Gepubliceerd op 28 augustus 2022 om 10:42

Het verwerken van emoties en eigenlijk het omgaan met emoties en gevoelens, heb ik van huis uit niet meegekregen. Er was geen ruimte en geen tijd voor. En daarbovenop waren mijn ouders geen goede voorbeelden in de kunst van het omgaan met en verwerken van emoties. Gevoelens en emoties waren lastig. Was ik blij vrolijk, hyper en enthousiast, dan moest ik daar mee stoppen, want ik maakte teveel leven. Was ik boos en liet ik dat zien, dan moest ik naar mijn kamer om af te koelen. Was ik verdrietig en moest ik huilen, maar duurde mijn verdriet wat te lang naar de zin van moeder, dan kreeg ik steevast te horen: “Gooi er maar een centje in. Toe maar, draai maar, nog een ronde. Is het nu nog niet gedaan?” Van zoveel onbegrip huilde ik spontaan nog harder en werd ik uiteindelijk ook naar mijn kamer gestuurd.

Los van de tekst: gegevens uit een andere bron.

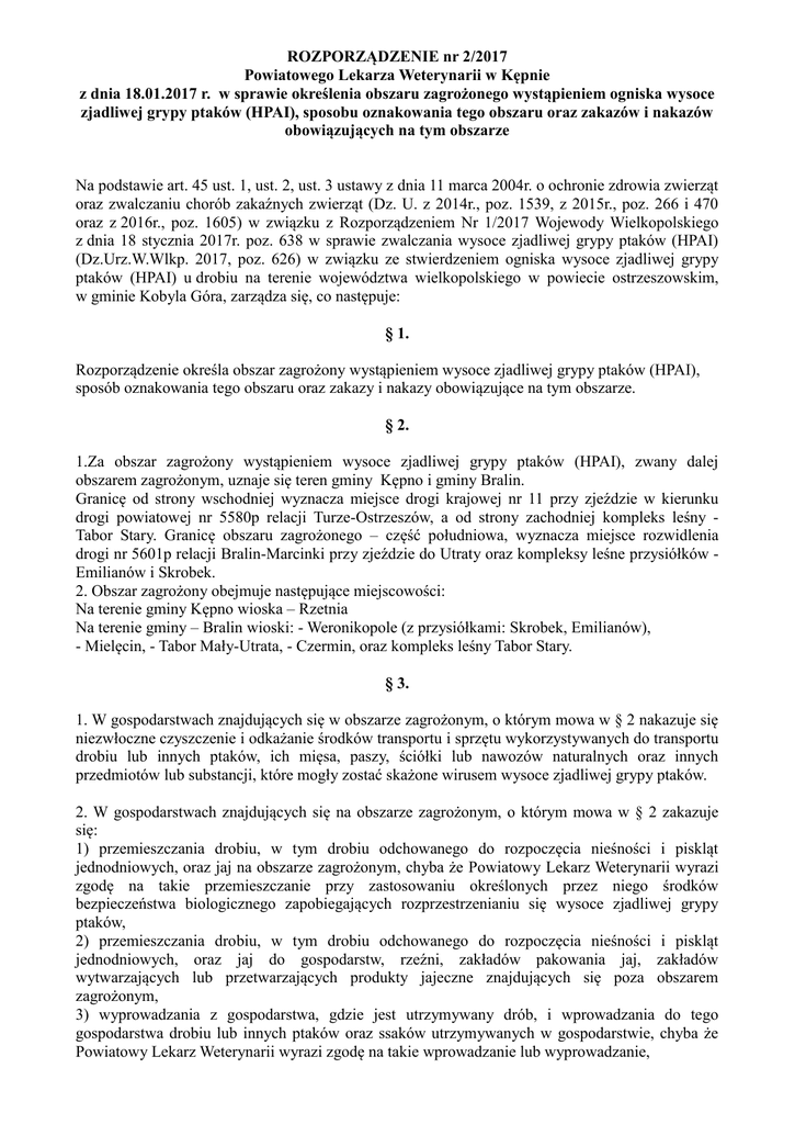 ROZPORZĄDZENIE nr 2/2017 Powiatowego Lekarza Weterynarii w Kępnie z dnia 18.01.2017 r. w sprawie określenia obszaru zagrożonego wystąpieniem ogniska wysoce zjadliwej grypy ptaków (HPAI), sposobu oznakowania tego obszaru oraz zakazów i nakazów obowiązujących na tym obszarze Na podstawie art. 45 ust. 1, ust. 2, ust. 3 ustawy z dnia 11 marca 2004r. o ochronie zdrowia zwierząt oraz zwalczaniu chorób zakaźnych zwierząt (Dz. U. z 2014r., poz. 1539, z 2015r., poz. 266 i 470 oraz z 2016r., poz. 1605) w związku z Rozporządzeniem Nr 1/2017 Wojewody Wielkopolskiego z dnia 18 stycznia 2017r. poz. 638 w sprawie zwalczania wysoce zjadliwej grypy ptaków (HPAI) (Dz.Urz.W.Wlkp. 2017, poz. 626) w związku ze stwierdzeniem ogniska wysoce zjadliwej grypy ptaków (HPAI) u drobiu na terenie województwa wielkopolskiego w powiecie ostrzeszowskim, w gminie Kobyla Góra, zarządza się, co następuje: § 1. Rozporządzenie określa obszar zagrożony wystąpieniem wysoce zjadliwej grypy ptaków (HPAI), sposób oznakowania tego obszaru oraz zakazy i nakazy obowiązujące na tym obszarze. § 2. 1.Za obszar zagrożony wystąpieniem wysoce zjadliwej grypy ptaków (HPAI), zwany dalej obszarem zagrożonym, uznaje się teren gminy Kępno i gminy Bralin. Granicę od strony wschodniej wyznacza miejsce drogi krajowej nr 11 przy zjeździe w kierunku drogi powiatowej nr 5580p relacji Turze-Ostrzeszów, a od strony zachodniej kompleks leśny Tabor Stary. Granicę obszaru zagrożonego – część południowa, wyznacza miejsce rozwidlenia drogi nr 5601p relacji Bralin-Marcinki przy zjeździe do Utraty oraz kompleksy leśne przysiółków Emilianów i Skrobek. 2. Obszar zagrożony obejmuje następujące miejscowości: Na terenie gminy Kępno wioska – Rzetnia Na terenie gminy – Bralin wioski: - Weronikopole (z przysiółkami: Skrobek, Emilianów), - Mielęcin, - Tabor Mały-Utrata, - Czermin, oraz kompleks leśny Tabor Stary. § 3. 1. W gospodarstwach znajdujących się w obszarze zagrożonym, o którym mowa w § 2 nakazuje się niezwłoczne czyszczenie i odkażanie środków transportu i sprzętu wykorzystywanych do transportu drobiu lub innych ptaków, ich mięsa, paszy, ściółki lub nawozów naturalnych oraz innych przedmiotów lub substancji, które mogły zostać skażone wirusem wysoce zjadliwej grypy ptaków. 2. W gospodarstwach znajdujących się na obszarze zagrożonym, o którym mowa w § 2 zakazuje się: 1) przemieszczania drobiu, w tym drobiu odchowanego do rozpoczęcia nieśności i piskląt jednodniowych, oraz jaj na obszarze zagrożonym, chyba że Powiatowy Lekarz Weterynarii wyrazi zgodę na takie przemieszczanie przy zastosowaniu określonych przez niego środków bezpieczeństwa biologicznego zapobiegających rozprzestrzenianiu się wysoce zjadliwej grypy ptaków, 2) przemieszczania drobiu, w tym drobiu odchowanego do rozpoczęcia nieśności i piskląt jednodniowych, oraz jaj do gospodarstw, rzeźni, zakładów pakowania jaj, zakładów wytwarzających lub przetwarzających produkty jajeczne znajdujących się poza obszarem zagrożonym, 3) wyprowadzania z gospodarstwa, gdzie jest utrzymywany drób, i wprowadzania do tego gospodarstwa drobiu lub innych ptaków oraz ssaków utrzymywanych w gospodarstwie, chyba że Powiatowy Lekarz Weterynarii wyrazi zgodę na takie wprowadzanie lub wyprowadzanie, 4) wywożenia lub rozrzucania ściółki lub nawozów naturalnych, chyba że Powiatowy Lekarz Weterynarii wyrazi zgodę na takie wywożenie lub rozrzucanie, 5) organizowania targów, wystaw, pokazów lub konkursów, gdzie są gromadzone drób lub inne ptaki oraz polowań i odłowów ptactwa dzikiego, 6) targowiskowej sprzedaży drobiu, mięsa drobiowego, mięsa ptaków łownych oraz jaj konsumpcyjnych. § 4. 1. Nakazuje się oznakowanie obszaru zagrożonego, o którym mowa w § 2, poprzez ustawienie na zewnętrznej granicy obszaru tablic ostrzegawczych o następującej treści: „GRYPA PTAKÓW – OBSZAR ZAGROŻONY. WPROWADZANIE I WYPROWADZANIE ZWIERZĄT WZBRONIONE”. 2. Tablica i napisy na niej ma mieć takie wymiary, aby była czytelna z odległości co najmniej 100 metrów. 3. Tablice należy umieścić na drogach publicznych i prywatnych. § 5. Nakazy i zakazy, o których mowa w § 3 obowiązują, do momentu ich odwołania, wszystkich mieszkańców oraz osoby przebywające czasowo na obszarach, o których mowa w § 2. § 6. Wykonanie rozporządzenia powierza się: Powiatowemu Lekarzowi Weterynarii w Kępnie, Staroście Kępińskiemu, Burmistrzowi Miasta i Gminy Kępno oraz Wójtowi Gminy Bralin, Komendantowi Powiatowemu Policji w Kępnie, Komendantowi Państwowej Powiatowej Straży Pożarnej w Kępnie, Powiatowemu Zarządowi Dróg w Kępnie, Państwowemu Powiatowemu Inspektorowi Sanitarnemu w Kępnie i właściwym terytorialnie nadleśnictwom. § 7. Rozporządzenie wchodzi w życie z dniem podania do wiadomości publicznej w sposób zwyczajowo przyjęty na danym terenie i podlega ogłoszeniu w Dzienniku Urzędowym Województwa Wielkopolskiego. Z-ca Powiatowego Lekarza Weterynarii w Kępnie Lek. wet. Jadwiga Sielecka UZASADNIENIE Powiatowy Lekarz Weterynarii w Kępnie wydał rozporządzenie w sprawie zwalczania wysoce zjadliwej grypy ptaków (HPAI) na terenie powiatu kępińskiego w związku ze stwierdzeniem przypadku choroby u drobiu w miejscowości Bierzów (gm. Kobyla Góra) w powiecie ostrzeszowskim, województwo wielkopolskie w dniu 17 stycznia 2017r. Załącznik do Rozporządzenia nr 2/2017 Powiatowego Lekarza Weterynarii w Kępnie z dnia 17 stycznia 2017 r. Tablica

Mijn ouders konden niet overweg met emoties en gevoelens. Emoties en gevoelens waren lastig en een sta in de weg. Ze lieten geen emotie zien, geen gevoelens. Ja ze lachten wel eens, maar dat was niet echt gemeend lachen. Dat voelde ik wel aan. Ik kon me ook mateloos verbazen over hoe gemaakt vrolijk mijn ouders konden toen tegen klanten. Ik zag en voelde aan alles dat het vriendelijk zijn, het lachen enzovoorts niet altijd voluit gemeend en echt was. Ik verbaasde mij er over dat de klanten dat niet doorhadden, of deden alsof ze het niet doorhadden. In de loop van mijn jeugd ontwikkelde en verfijnde ik de kunst van het lezen van mensen. Ik wist op een gegeven moment precies bij welke mensen ik weg moest blijven en bij welke mensen ik mij op mijn gemak voelde, bij wie ik mezelf kon zijn, zonder meer.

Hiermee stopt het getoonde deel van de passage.